Separation of variables in Fourier Series

• Sep 15th 2007, 04:25 PM
Separation of variables in Fourier Series
Problem: Find the Fourier Series of $\displaystyle f(x) = 0.05sin \pi x$, with the initial velocity $\displaystyle g(x)=0$, $\displaystyle c= \frac{1}{n}$, $\displaystyle L = 1$.

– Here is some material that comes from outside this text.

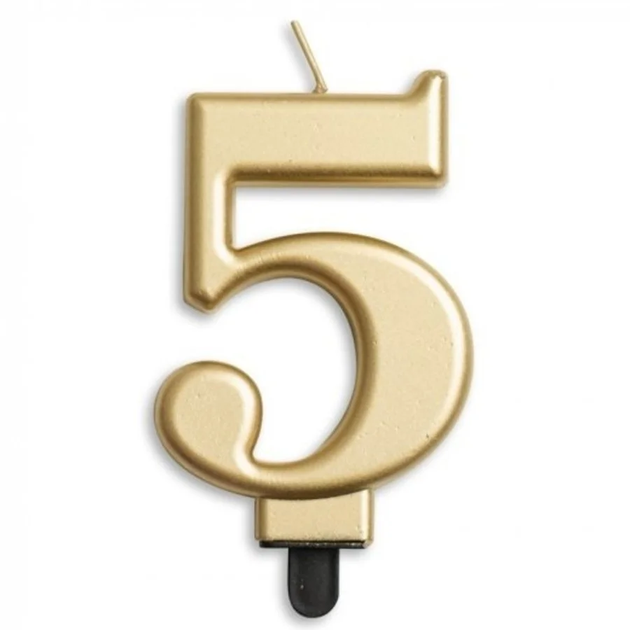 Een chique goudkleurige kaars in de vorm van het cijfer 5. Erg mooie luxe kaars! Hoogte: 7cm.

My solution: I use the separation of variables method, then I have:

$\displaystyle u(x,t)= \sum^{\infty}_{n=1}sin \frac{n \pi x}{L}[b_{n}cos( \frac {cn \pi}{L})t+ \hat{b_{n}} sin( \frac {cn \pi}{L})t]$

where

$\displaystyle b_{n}=\frac{2}{L} \int^{L}_{0}f(x)sin( \frac {cn \pi}{L})dx$
$\displaystyle \hat{b_{n}} = \frac{2}{cnx} \int^{L}_{0}g(x)sin( \frac {cn \pi}{L})dx$

Now I know that [tex]\hat{b_{n}}=0[tex] since $\displaystyle g(x)=0$, but when I solve for $\displaystyle b_{n}$, I have:

$\displaystyle b_{n}=2 \int^{1}_{0}0.05sin( \pi x)sin(n \pi x)dx$

I use the table of integrals, and I get bn = 0, is there something I'm doing wrong here? (Most likely)

K
• Sep 15th 2007, 04:50 PM
ThePerfectHacker
What are you trying to do? :confused:
• Sep 15th 2007, 06:37 PM
$\displaystyle \int_0^L \sin \frac{\pi n x}{L}\sin \frac{\pi m x}{L} dx= L\delta_{nm}$
$\displaystyle \int_0^L \sin \frac{\pi nx}{L}\cos \frac{\pi mx}{L}dx=0$
$\displaystyle \int_0^L \cos \frac{\pi nx}{L}\cos \frac{\pi mx}{L} dx = L\delta_{nm}$